TASK GOAL: Take the lines from the line containing "Diagram of System Overview" through the end of the entries and output them exactly, with no pictures and nothing more.

━━━━━ TASK MATERIAL

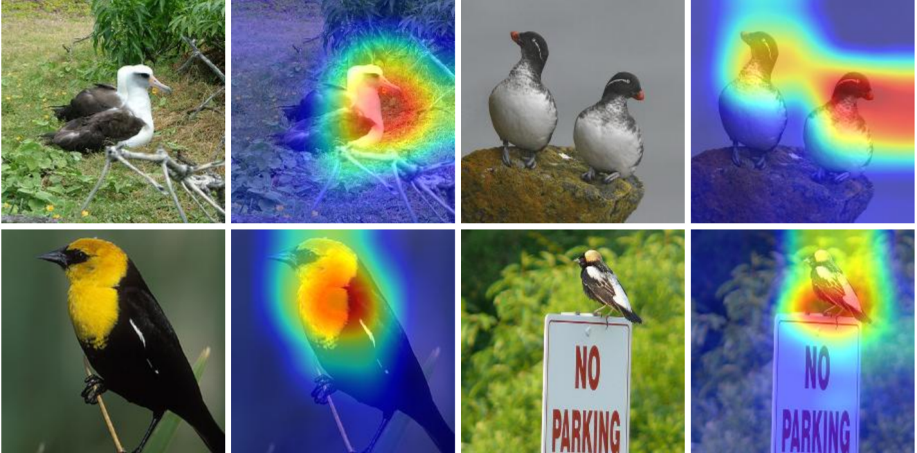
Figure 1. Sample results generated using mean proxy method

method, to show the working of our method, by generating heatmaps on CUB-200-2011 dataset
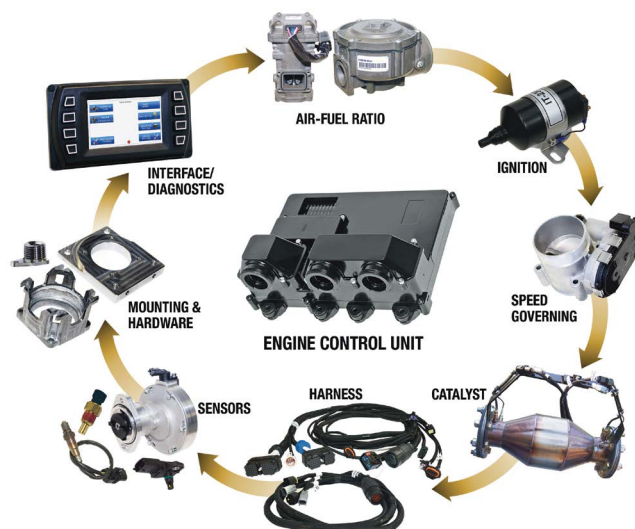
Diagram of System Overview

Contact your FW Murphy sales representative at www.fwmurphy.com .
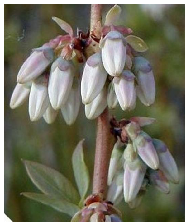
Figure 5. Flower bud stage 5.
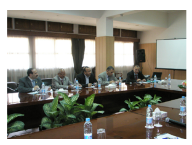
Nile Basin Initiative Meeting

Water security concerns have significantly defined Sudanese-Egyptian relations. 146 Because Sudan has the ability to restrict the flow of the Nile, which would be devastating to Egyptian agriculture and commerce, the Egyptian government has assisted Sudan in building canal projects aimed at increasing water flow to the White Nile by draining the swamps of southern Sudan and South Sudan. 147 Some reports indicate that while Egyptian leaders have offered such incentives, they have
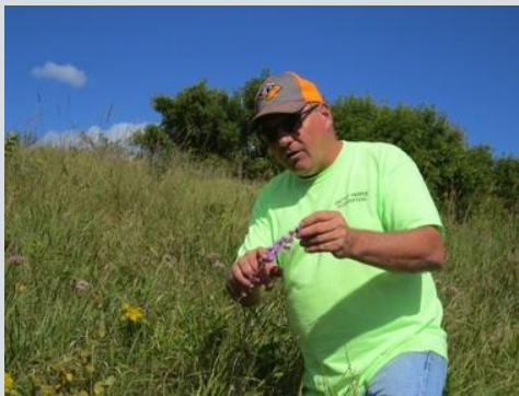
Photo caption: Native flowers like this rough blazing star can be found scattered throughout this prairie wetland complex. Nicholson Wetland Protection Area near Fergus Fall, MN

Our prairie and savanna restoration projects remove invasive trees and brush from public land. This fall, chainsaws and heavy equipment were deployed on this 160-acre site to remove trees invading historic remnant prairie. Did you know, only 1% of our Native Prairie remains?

━━━━━━━━━━

RESPONSE TO THE TASK:
Diagram of System Overview

Contact your FW Murphy sales representative at www.fwmurphy.com .
Figure 5. Flower bud stage 5.
Nile Basin Initiative Meeting

Water security concerns have significantly defined Sudanese-Egyptian relations. 146 Because Sudan has the ability to restrict the flow of the Nile, which would be devastating to Egyptian agriculture and commerce, the Egyptian government has assisted Sudan in building canal projects aimed at increasing water flow to the White Nile by draining the swamps of southern Sudan and South Sudan. 147 Some reports indicate that while Egyptian leaders have offered such incentives, they have
Photo caption: Native flowers like this rough blazing star can be found scattered throughout this prairie wetland complex. Nicholson Wetland Protection Area near Fergus Fall, MN

Our prairie and savanna restoration projects remove invasive trees and brush from public land. This fall, chainsaws and heavy equipment were deployed on this 160-acre site to remove trees invading historic remnant prairie. Did you know, only 1% of our Native Prairie remains?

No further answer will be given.